All the tests were performed on the same UNIX cluster as in the previous section. Calibur used its default method for automatic threshold distance discovery. Table 3 shows, at different sample sizes, the average TM-scores and total C _α RMSDs (to native) for the best decoys reported by both tools, as well as the total CPU times used, as reported by the UNIX servers. These results are shown as histograms in Figures 8, 9 and 10. Detailed results are given in Additional File 1. The average TM-score and total C _α RMSD reported by both tools are similar, showing the decoys reported by both tools to be comparable. The CPU times required by Calibur are significantly less than SPICKER for sample sizes above 2500, even with PDB files processing time included.
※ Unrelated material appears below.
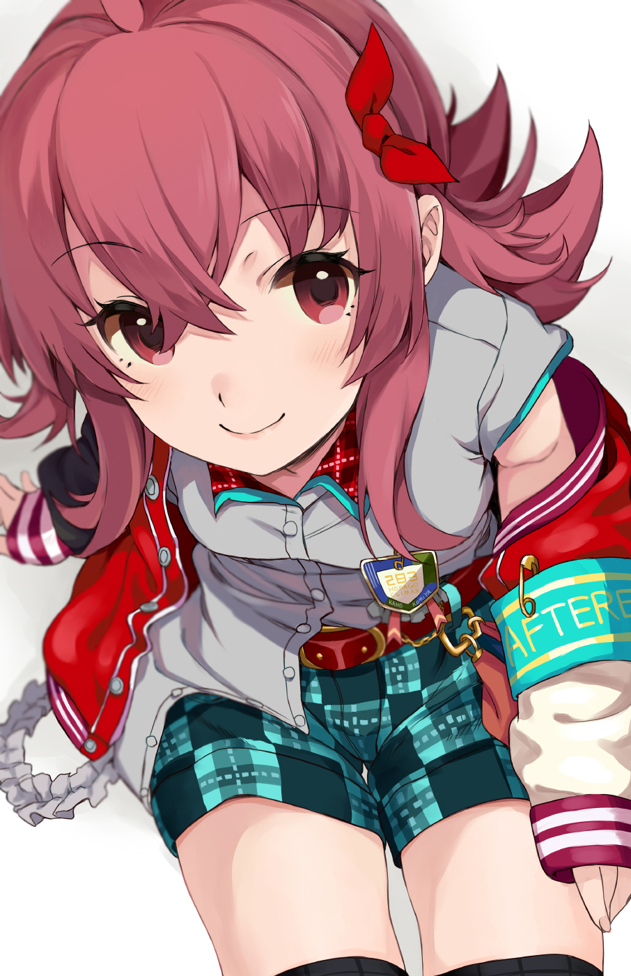 1girl ahoge arm_support armband belt black_socks blue_armband blue_shorts blush breasts checkered_clothes checkered_shorts closed_mouth from_above grey_shirt hair_between_eyes hair_ribbon highres idolmaster idolmaster_shiny_colors jacket kirarin369 komiya_kaho long_hair long_sleeves looking_at_viewer looking_up off_shoulder plaid_clothes plaid_shorts red_belt red_eyes red_hair red_jacket red_ribbon ribbon safety_pin shirt short_sleeves shorts simple_background sitting small_breasts smile socks solo white_background

There is an observable trend of increase in average TM-score as well as decrease in total C _α RMSD, with an increase in sample size.

Sample size	Average TM-score		Total C α RMSD		Total CPU Time (s)
	SPICKER	Calibur	SPICKER	Calibur	SPICKER	Calibur
1000	0.571107	0.578102	291.534	281.994	136.05	237.25
2500	0.574379	0.578386	284.937	286.09	687.45	746.84
4000	0.576045	0.576859	284.953	284.108	1851.34	1533.81
5500	0.574475	0.57845	284.18	283.055	3276.36	2781.55
7000	0.576323	0.578823	284.927	278.769	7029.09	4320.95
8500	0.57843	0.580889	283.325	279.248	8132.9	5906.61
10000	0.577543	0.581236	282.919	279.1	10745.5	7822.75
11500	0.578748	0.582175	282.644	281.192	14293.8	10374.2
13000	0.578432	0.582425	283.795	281.701	16608.8	12420.5

Average TM-score and total C _α RMSD for the best decoys obtained, as well as the total CPU time used, on the sampled sets of sizes 1000, 2500, 4000, 5500, 7000, 8500, 10000, 11500, 13000. (SPICKER requires additional pre-processing of the input PDB files which are not added into the CPU times here.)

For each sample size, we counted the number of targets where the best decoy reported by SPICKER has a better TM-score than Calibur, as well as the number of targets where the best decoy reported by Calibur has a better TM-score. These numbers are shown in Figure 11. Figure 12 shows the numbers where instead of the TM-score, the C _α RMSD is compared.